The brake system is unique in that the D16RR is the first streetbike to feature a race-style remote adjuster for its radial master cylinder; a tube running to a knob near the left clip-on lets the rider adjust lever span on the fly. The front stoppers are the same Brembo blend of 330mm discs and radial Monobloc calipers used on the 1098. Both front brake and clutch controls incorporate "supple levers" that are designed to hinge under the force of a crash, increasing the likelihood of the bike remaining rideable.

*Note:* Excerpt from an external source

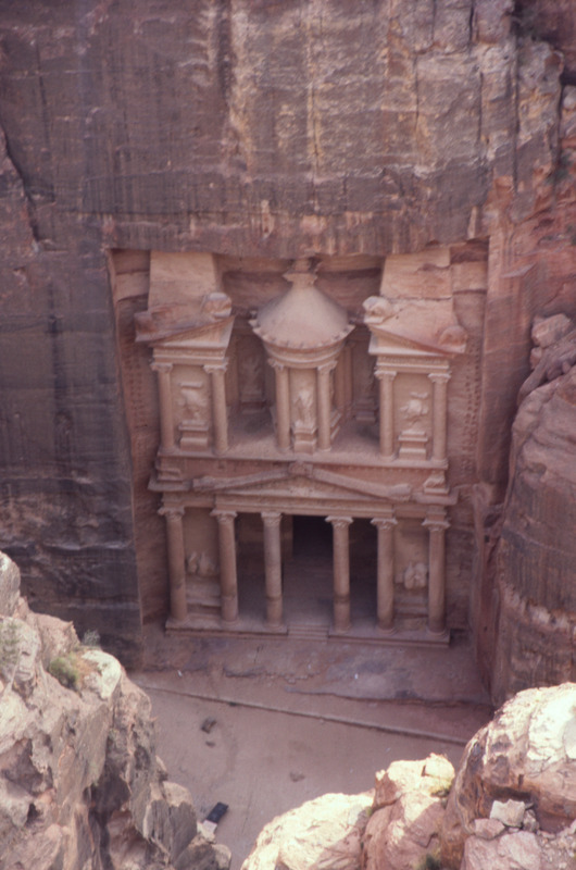 Jordan. Petra, Khaznet Far'oun (Treasury), aerial

Like last season's GP6 racer, the Desmosedici RR is powered by a 90-degree V4 with bore and stroke figures of 86.0 x 42.6mm, yielding 990cc. Unlike the current 800cc GP7 racer, it shares the 990's twin-pulse firing order with crankshaft throws spaced 70 degrees apart, giving an irregular 0, 90, 290, 380-degree firing sequence. Although most components have been redesigned for street use, the general architecture, including the desmodromic valvetrain, is similar to that of the racebike. The cams are gear-driven, the rocker arms have a precision-ground finish to reduce friction and the crankshaft is machined from a single lump of forged steel, while the bottom end incorporates a six-speed cassette transmission and slipper clutch. Lightweight titanium is used for valves and connecting rods, the crankcase and cylinder heads are sand-cast aluminum and the engine covers are magnesium-a mixture of sand-cast for the structural cam-drive cover and alternator case, and pressure die-cast for the non-structural oil sump, cam and clutch covers. Fuel injection comes courtesy of four Magneti Marelli 50mm throttle bodies featuring 12-hole injectors, while the exhaust is a 4-2-1 system that sees a pipe run down through a large slot in the aluminum swingarm and then back up again before reaching the catalytic converter and under-seat muffler. Replacing the stock silencer with the race kit alternative saves 10 pounds and adds 12 horsepower, boosting peak output from 188 bhp at 13,800 rpm to 200.